Assigned task
Could you retype exactly the lines below between the one holding "Green-black non-woven wallpaper" and the one holding "Jurnal ICMES diterbitkan", inclusive, leaving out any pictures?

Exercise materials
_ _ _ _ _ _ _
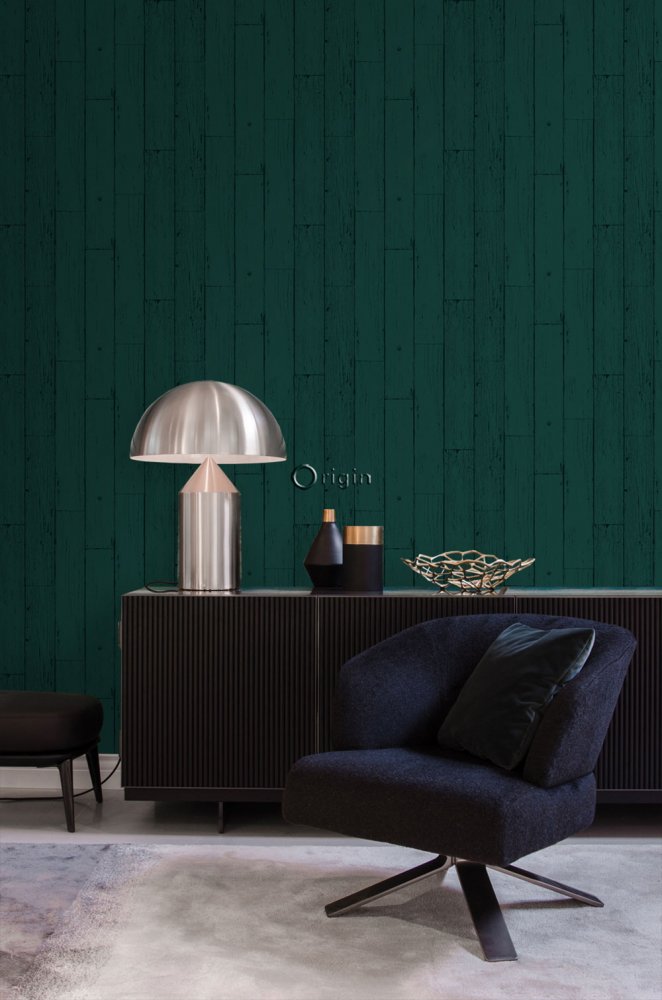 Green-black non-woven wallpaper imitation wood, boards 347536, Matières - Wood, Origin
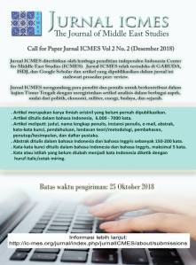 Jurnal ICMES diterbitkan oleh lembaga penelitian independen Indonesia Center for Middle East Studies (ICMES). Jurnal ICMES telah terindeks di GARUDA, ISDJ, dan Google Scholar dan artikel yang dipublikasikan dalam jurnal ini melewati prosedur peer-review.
_ _ _ _ _ _ _
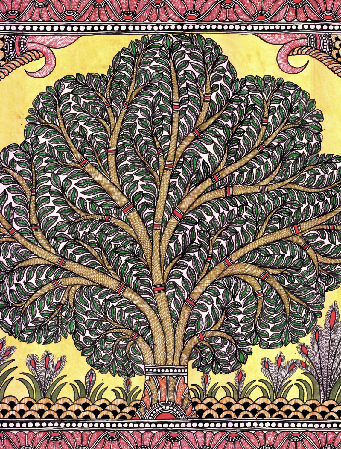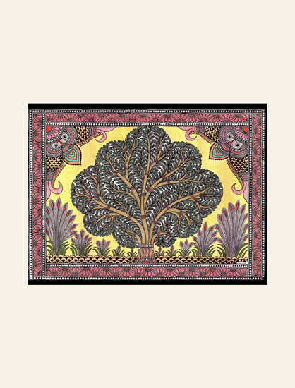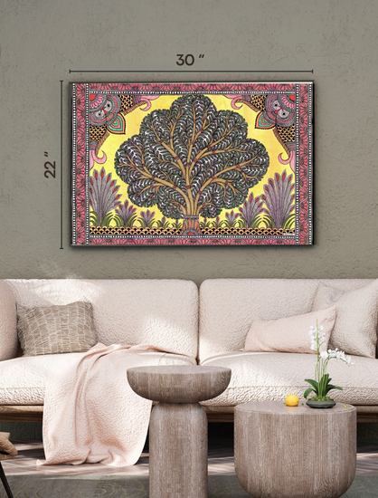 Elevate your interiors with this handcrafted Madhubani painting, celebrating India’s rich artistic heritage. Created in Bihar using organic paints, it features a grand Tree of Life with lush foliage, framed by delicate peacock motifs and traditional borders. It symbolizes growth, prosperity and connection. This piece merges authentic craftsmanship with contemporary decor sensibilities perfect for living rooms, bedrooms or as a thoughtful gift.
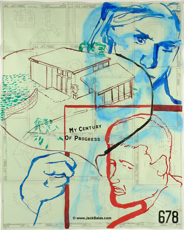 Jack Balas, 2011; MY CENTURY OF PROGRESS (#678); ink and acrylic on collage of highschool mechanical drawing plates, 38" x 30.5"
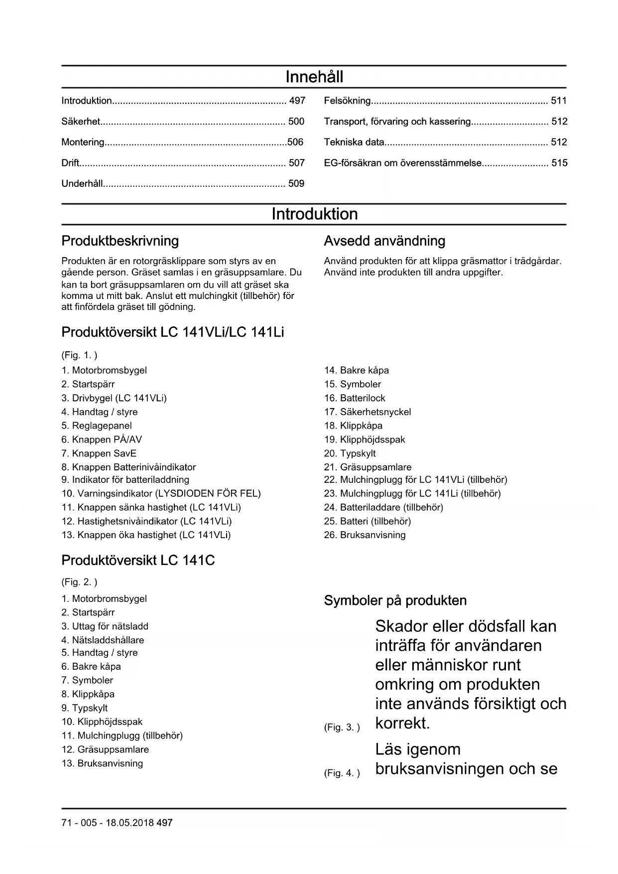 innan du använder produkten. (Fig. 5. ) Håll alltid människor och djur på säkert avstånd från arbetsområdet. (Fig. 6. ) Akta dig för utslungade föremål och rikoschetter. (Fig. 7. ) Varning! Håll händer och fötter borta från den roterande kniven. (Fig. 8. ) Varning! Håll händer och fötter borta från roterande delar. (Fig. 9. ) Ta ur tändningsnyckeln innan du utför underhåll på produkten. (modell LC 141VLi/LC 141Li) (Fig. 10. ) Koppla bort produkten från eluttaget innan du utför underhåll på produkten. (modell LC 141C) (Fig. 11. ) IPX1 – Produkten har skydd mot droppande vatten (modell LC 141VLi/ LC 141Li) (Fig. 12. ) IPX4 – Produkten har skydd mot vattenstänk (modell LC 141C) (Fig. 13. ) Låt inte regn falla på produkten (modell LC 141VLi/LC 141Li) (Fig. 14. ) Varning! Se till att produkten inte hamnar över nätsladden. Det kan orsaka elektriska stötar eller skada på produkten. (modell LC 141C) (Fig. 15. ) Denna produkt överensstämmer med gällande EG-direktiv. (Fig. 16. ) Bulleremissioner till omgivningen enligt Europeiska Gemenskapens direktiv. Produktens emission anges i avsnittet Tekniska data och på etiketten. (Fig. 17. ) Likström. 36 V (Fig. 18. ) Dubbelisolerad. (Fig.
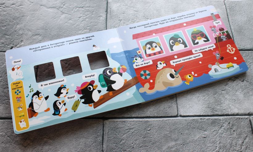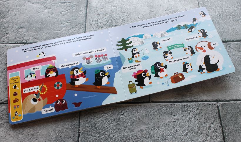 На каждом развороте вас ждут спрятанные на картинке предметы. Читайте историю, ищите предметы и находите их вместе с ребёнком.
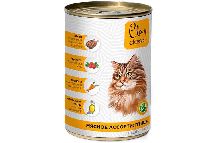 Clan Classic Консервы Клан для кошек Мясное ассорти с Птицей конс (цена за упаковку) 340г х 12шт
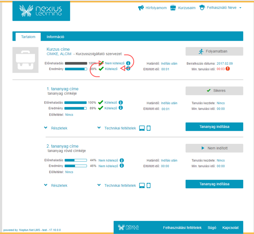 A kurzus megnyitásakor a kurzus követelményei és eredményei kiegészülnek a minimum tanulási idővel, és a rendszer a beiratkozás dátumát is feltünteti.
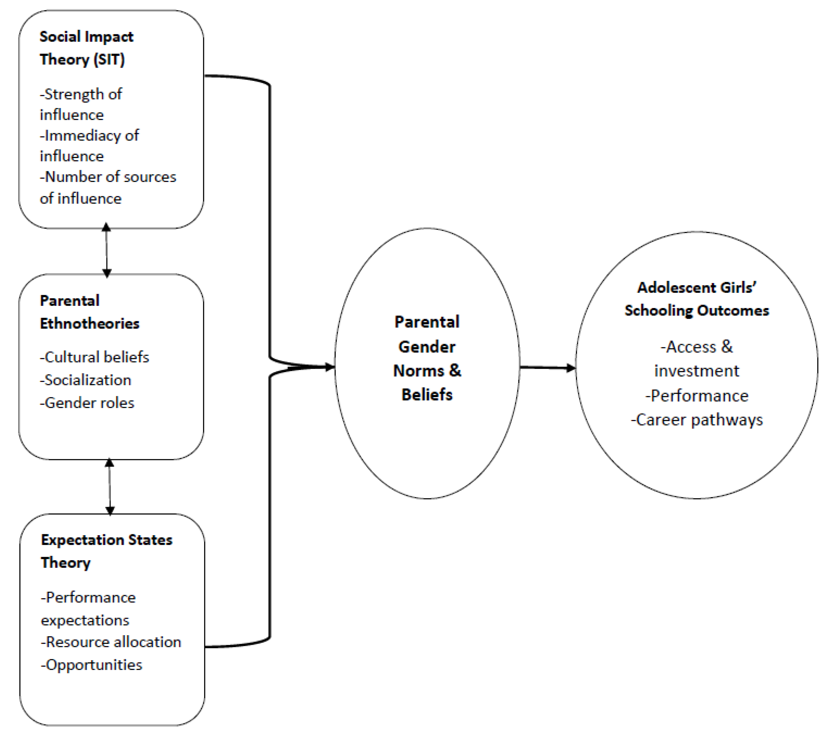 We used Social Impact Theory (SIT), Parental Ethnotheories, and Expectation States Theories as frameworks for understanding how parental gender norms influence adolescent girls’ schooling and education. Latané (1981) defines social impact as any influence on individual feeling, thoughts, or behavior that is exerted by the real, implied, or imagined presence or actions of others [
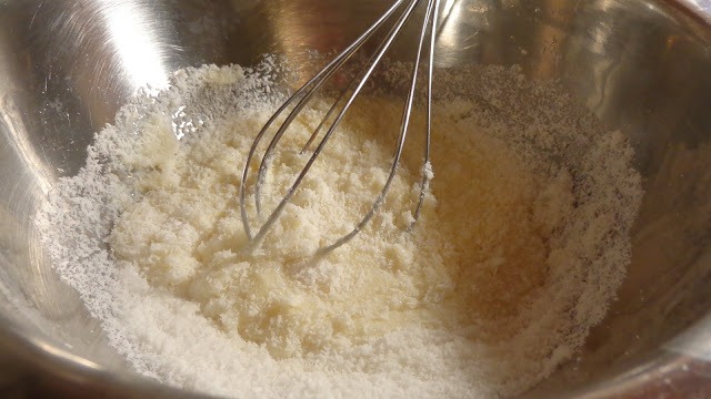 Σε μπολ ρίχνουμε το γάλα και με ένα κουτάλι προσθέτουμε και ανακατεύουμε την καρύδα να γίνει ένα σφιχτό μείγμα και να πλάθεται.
_ _ _ _ _ _ _
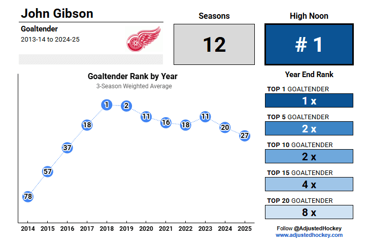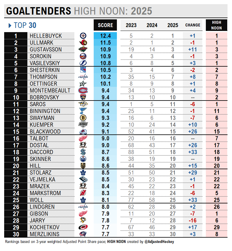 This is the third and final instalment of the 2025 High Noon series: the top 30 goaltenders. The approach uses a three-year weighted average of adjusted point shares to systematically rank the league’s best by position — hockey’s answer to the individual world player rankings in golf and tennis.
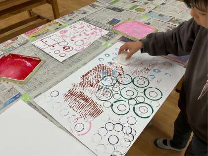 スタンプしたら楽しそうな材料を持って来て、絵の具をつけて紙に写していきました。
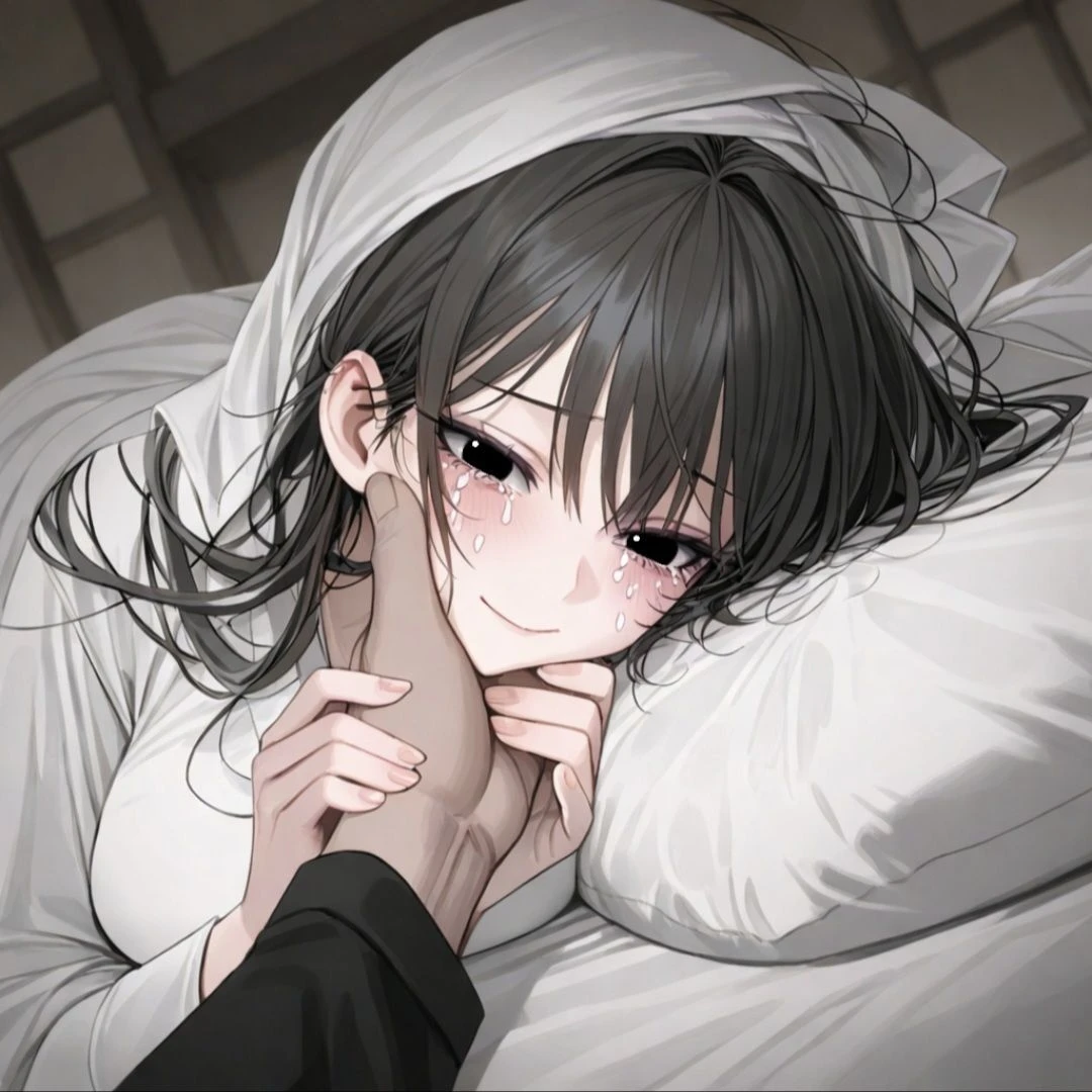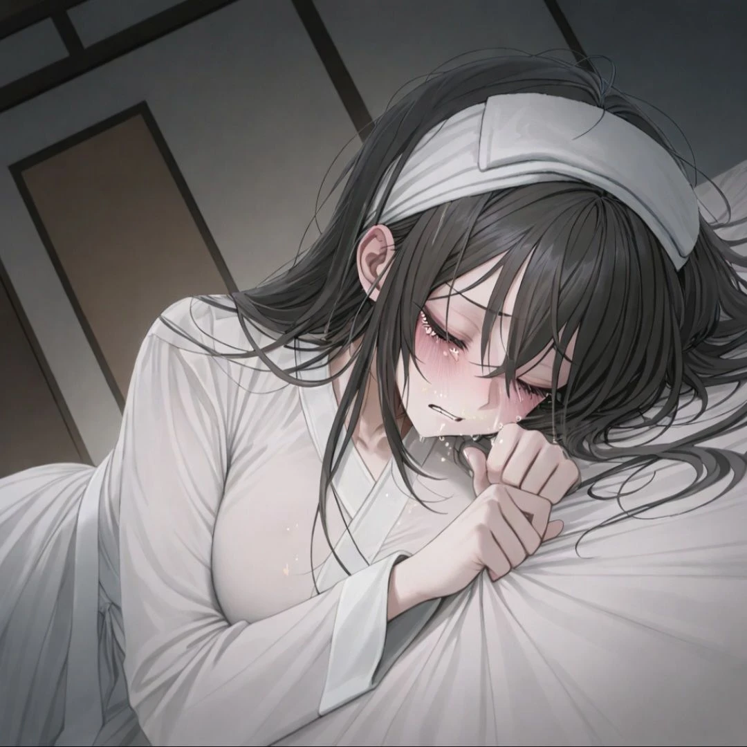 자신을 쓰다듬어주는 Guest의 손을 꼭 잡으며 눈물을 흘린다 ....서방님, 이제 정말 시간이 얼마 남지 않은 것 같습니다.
_ _ _ _ _ _ _
Response area
 Green-black non-woven wallpaper imitation wood, boards 347536, Matières - Wood, Origin
 Jurnal ICMES diterbitkan oleh lembaga penelitian independen Indonesia Center for Middle East Studies (ICMES). Jurnal ICMES telah terindeks di GARUDA, ISDJ, dan Google Scholar dan artikel yang dipublikasikan dalam jurnal ini melewati prosedur peer-review.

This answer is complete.